**Extracted data**:
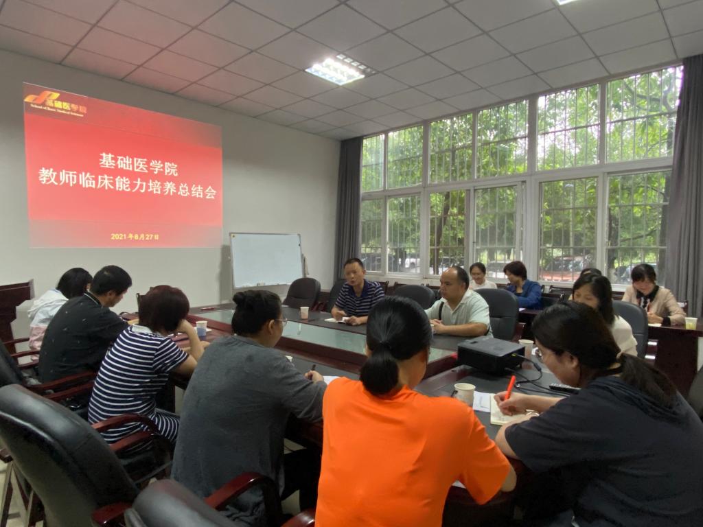 为了进一步做好基础教师医学能力培养工作,8月27日上午,基础医学院副院长涂江义在基础医学院小会议室组织召开了基础教师医学能力培养总结调研会,全体参训教师参加了本次会议。在收集整理参训教师的意见和建议后,涂江义指出:要加强宣传,提前营造医学能力学习氛围,充分利用寒暑假假期常态化开展医学能力培养,有效开展基础教师参训前的培训工作。
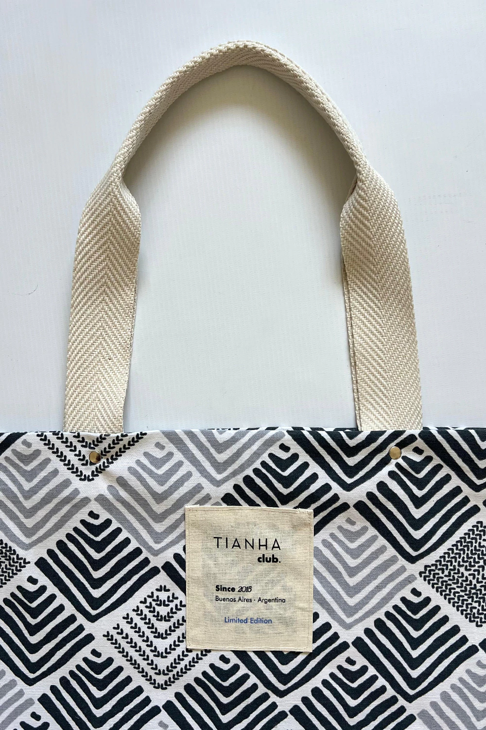 El maxibolso Toledo es un diseño exclusivo de Tianha. Está confeccionado en gabardina de algodón estampada. Su interior está forrado con lienzo natural y tiene un bolsillo interno. Apertura mediante broche imán.
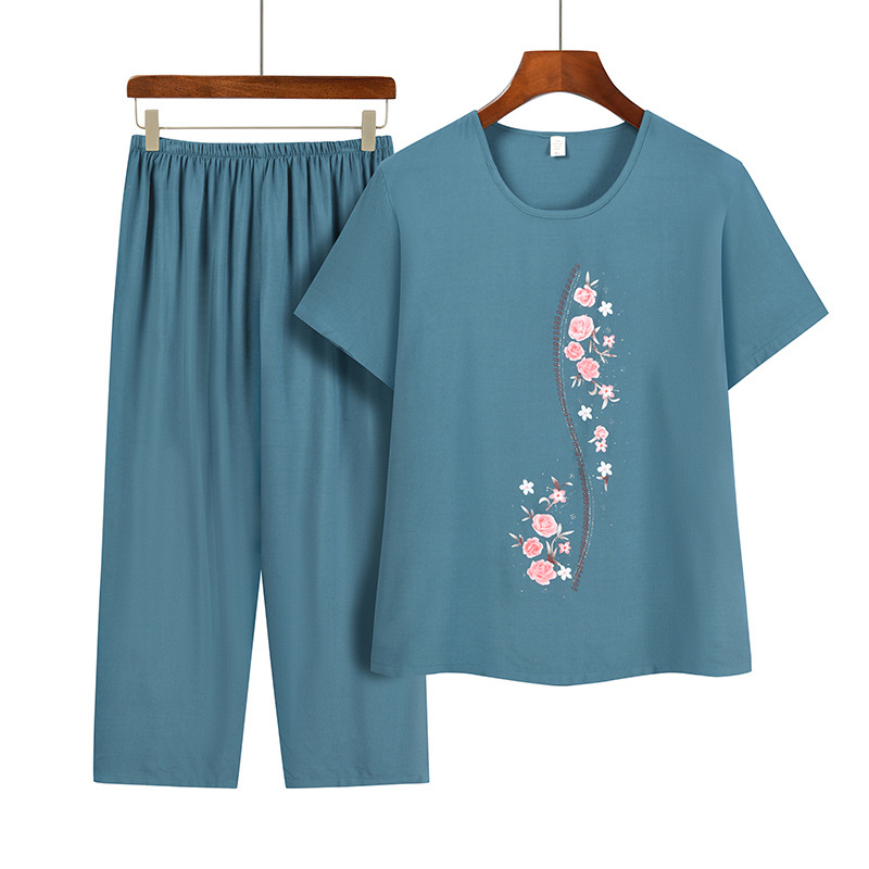 中高年夏服女性2点セットママ夏スーツ高齢者新半袖上着おばあちゃんカジュアル服
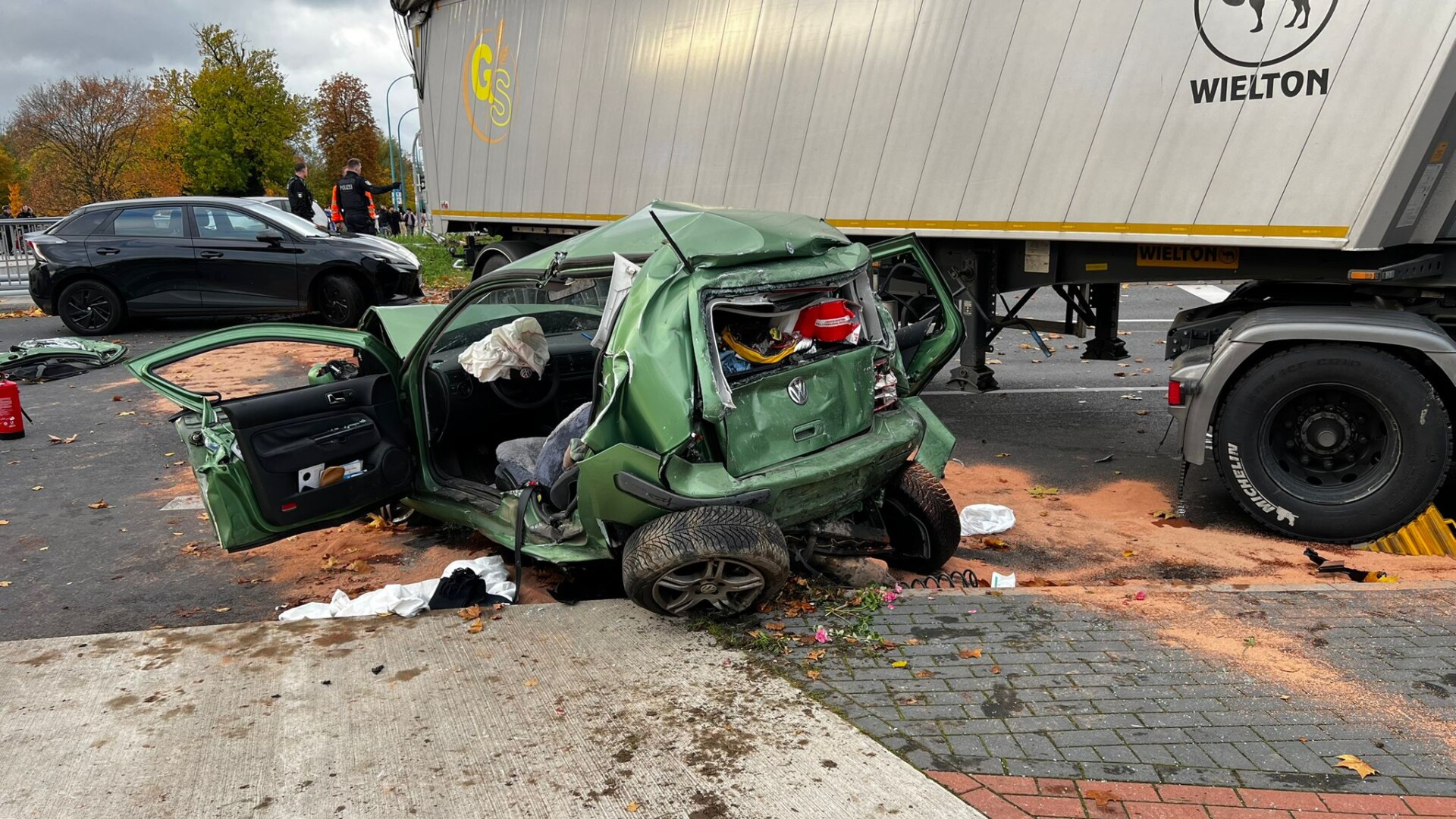 Der grüne VW wurde durch den Lkw auf die gegenüberliegende Fahrspur geschoben, wo beide zum Stehen kamen. Durch den Zusammenstoß wurde der 91-jährige Fahrzeugführer eingeklemmt und musste durch die Berufsfeuerwehr Neubrandenburg befreit werden. Seine 71-jährige Beifahrerin konnte durch Ersthelfer aus dem Pkw geborgen werden. Beide wurden bei dem Unfall so schwer verletzt, dass sie ins Klinikum Neubrandenburg eingeliefert werden musste. Der 91-Jährige mit dem Rettungshubschrauber und die 71-Jährige mit dem Rettungswagen. Beide wurden dort stationär aufgenommen.
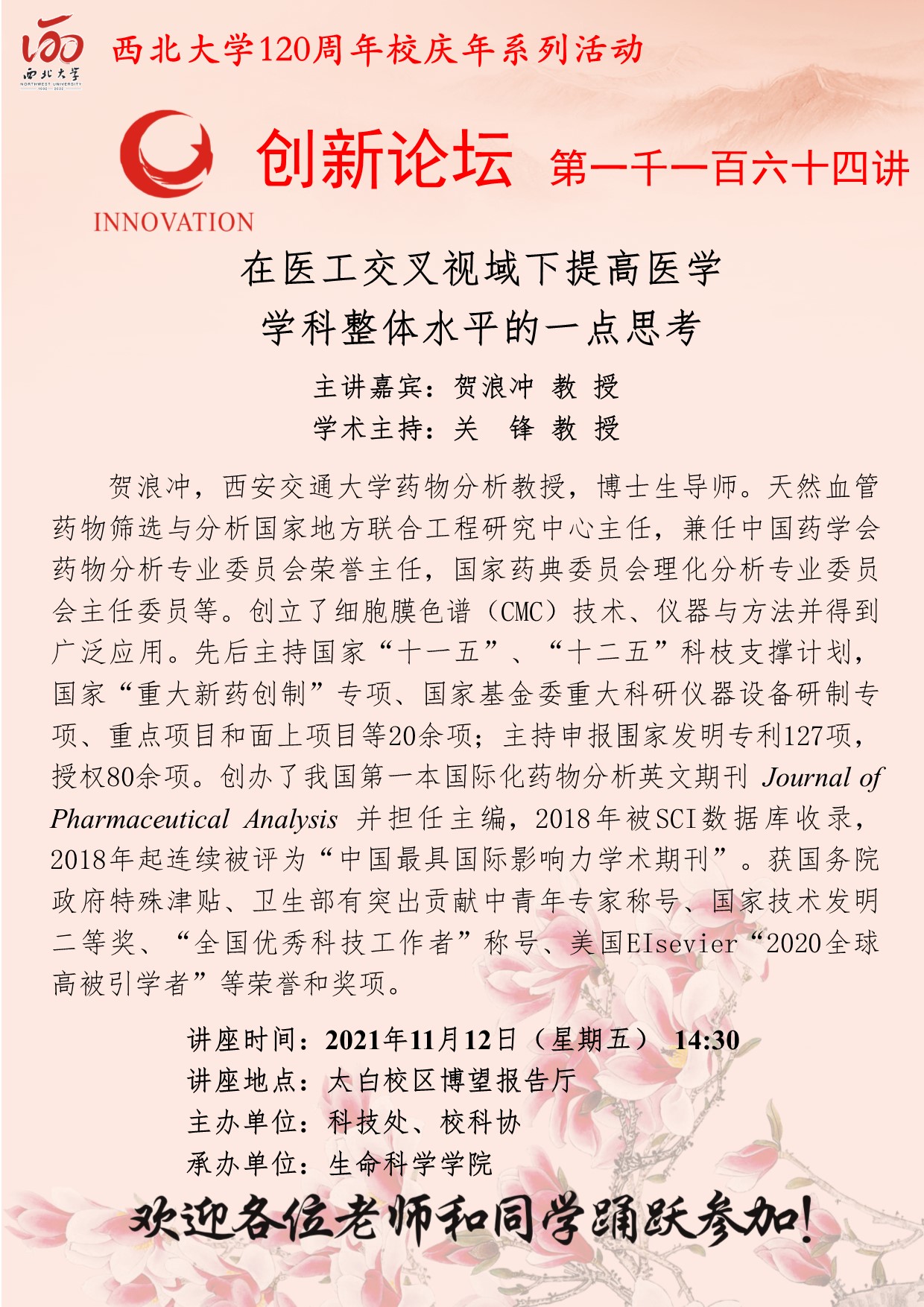 贺浪冲 教授 广发体育创新论坛第一千一百六十四讲暨120周年校庆年系列活动:在医工交叉视域下提高医学学科整体水平的一点思考 讲座时间 2021年11月12日(星期五) 14:30 讲座地点 太白校区博望报告厅 讲座人介绍 贺浪冲 教授 讲座内容
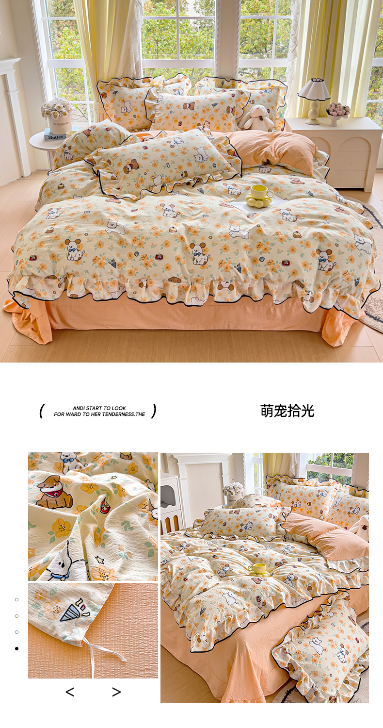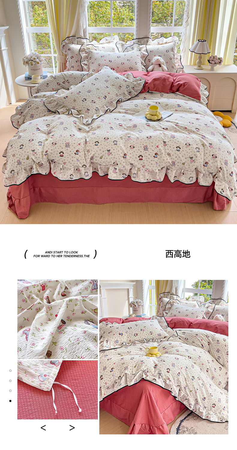 商品名称:(总)找底底家纺 2026新款A类泡泡棉双层纱四件套花边夏被四件套
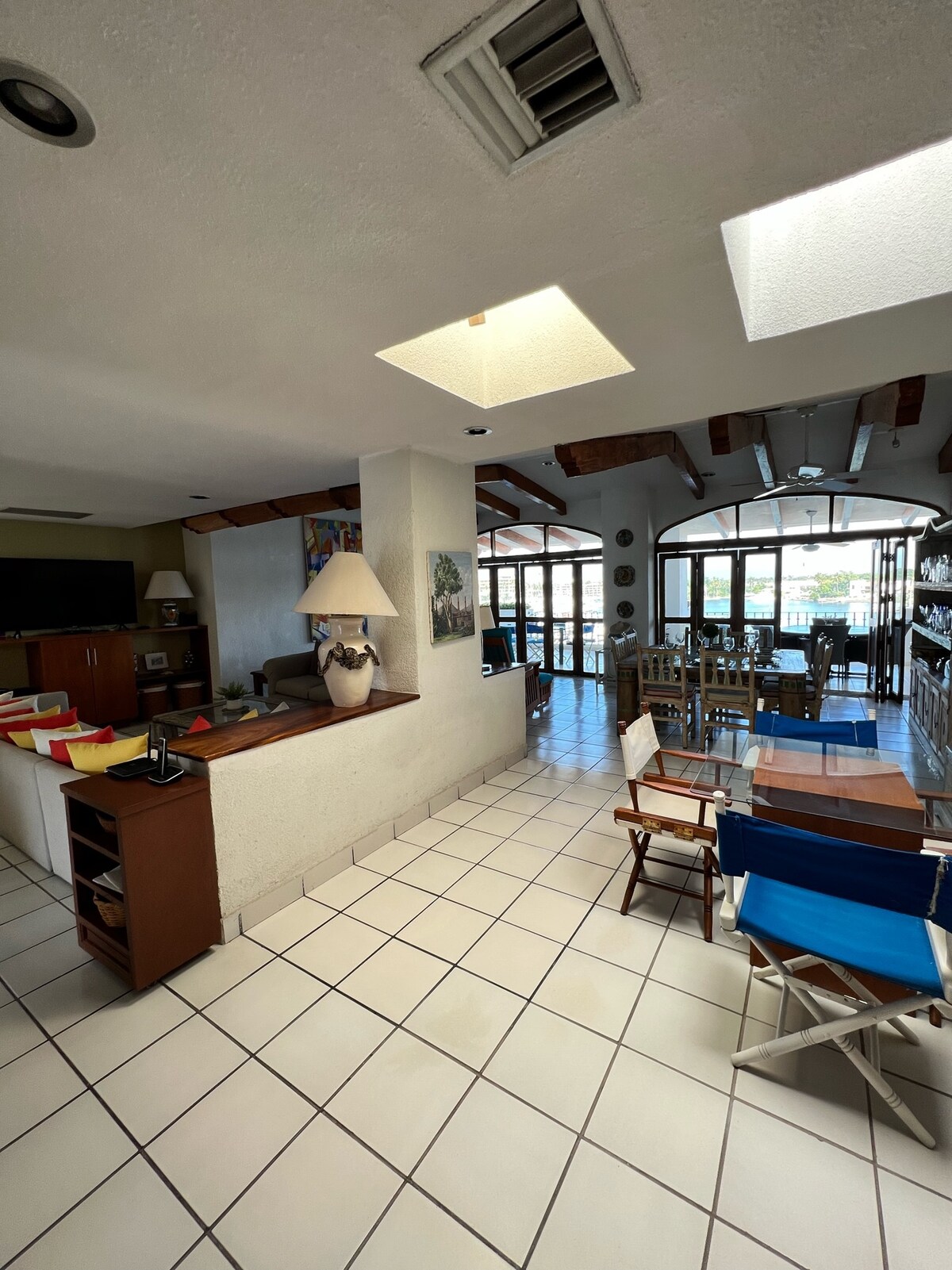 Неймовірна квартира на березі океану в пристані Нуево-Вальярта. У ньому є окрема тераса та обидві спальні з видом на океан. Вона розташована в центрі пристані в оточенні ресторанів і магазинів. Він знаходиться всього в 100 метрах від виходу на пляж. Ідеально підходить для повного відпочинку. На верхньому поверсі є дах з басейном, сауною, парною та найсучаснішим тренажерним залом. Неймовірне місце далеко від міської суєти. Ідеально підходить для відпочинку та відпочинку.
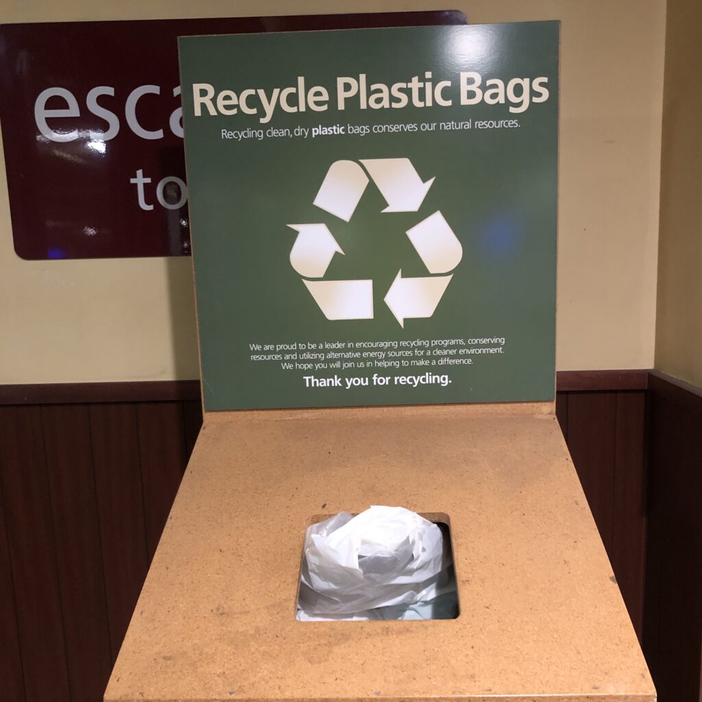 I grabbed a couple thick plastic bags from this Safeway recycle container to reuse as kitchen bin liners.
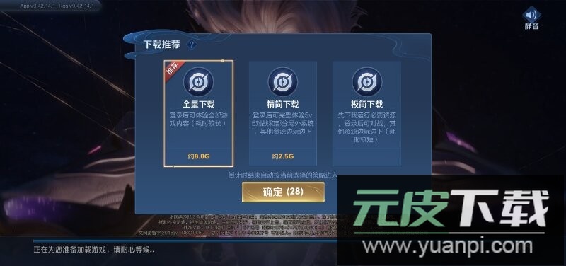 2. 进入游戏数据包下载界面,官方提供了三种下载方案:全量包约8G,精简包约2.5G,极简包约1G;

**Work order**: Repeat the entries exactly as they are given, leaving out each image.

**Response to the exercise**:
 为了进一步做好基础教师医学能力培养工作,8月27日上午,基础医学院副院长涂江义在基础医学院小会议室组织召开了基础教师医学能力培养总结调研会,全体参训教师参加了本次会议。在收集整理参训教师的意见和建议后,涂江义指出:要加强宣传,提前营造医学能力学习氛围,充分利用寒暑假假期常态化开展医学能力培养,有效开展基础教师参训前的培训工作。
 El maxibolso Toledo es un diseño exclusivo de Tianha. Está confeccionado en gabardina de algodón estampada. Su interior está forrado con lienzo natural y tiene un bolsillo interno. Apertura mediante broche imán.
 中高年夏服女性2点セットママ夏スーツ高齢者新半袖上着おばあちゃんカジュアル服
 Der grüne VW wurde durch den Lkw auf die gegenüberliegende Fahrspur geschoben, wo beide zum Stehen kamen. Durch den Zusammenstoß wurde der 91-jährige Fahrzeugführer eingeklemmt und musste durch die Berufsfeuerwehr Neubrandenburg befreit werden. Seine 71-jährige Beifahrerin konnte durch Ersthelfer aus dem Pkw geborgen werden. Beide wurden bei dem Unfall so schwer verletzt, dass sie ins Klinikum Neubrandenburg eingeliefert werden musste. Der 91-Jährige mit dem Rettungshubschrauber und die 71-Jährige mit dem Rettungswagen. Beide wurden dort stationär aufgenommen.
 贺浪冲 教授 广发体育创新论坛第一千一百六十四讲暨120周年校庆年系列活动:在医工交叉视域下提高医学学科整体水平的一点思考 讲座时间 2021年11月12日(星期五) 14:30 讲座地点 太白校区博望报告厅 讲座人介绍 贺浪冲 教授 讲座内容
 商品名称:(总)找底底家纺 2026新款A类泡泡棉双层纱四件套花边夏被四件套
 Неймовірна квартира на березі океану в пристані Нуево-Вальярта. У ньому є окрема тераса та обидві спальні з видом на океан. Вона розташована в центрі пристані в оточенні ресторанів і магазинів. Він знаходиться всього в 100 метрах від виходу на пляж. Ідеально підходить для повного відпочинку. На верхньому поверсі є дах з басейном, сауною, парною та найсучаснішим тренажерним залом. Неймовірне місце далеко від міської суєти. Ідеально підходить для відпочинку та відпочинку.
 I grabbed a couple thick plastic bags from this Safeway recycle container to reuse as kitchen bin liners.
 2. 进入游戏数据包下载界面,官方提供了三种下载方案:全量包约8G,精简包约2.5G,极简包约1G;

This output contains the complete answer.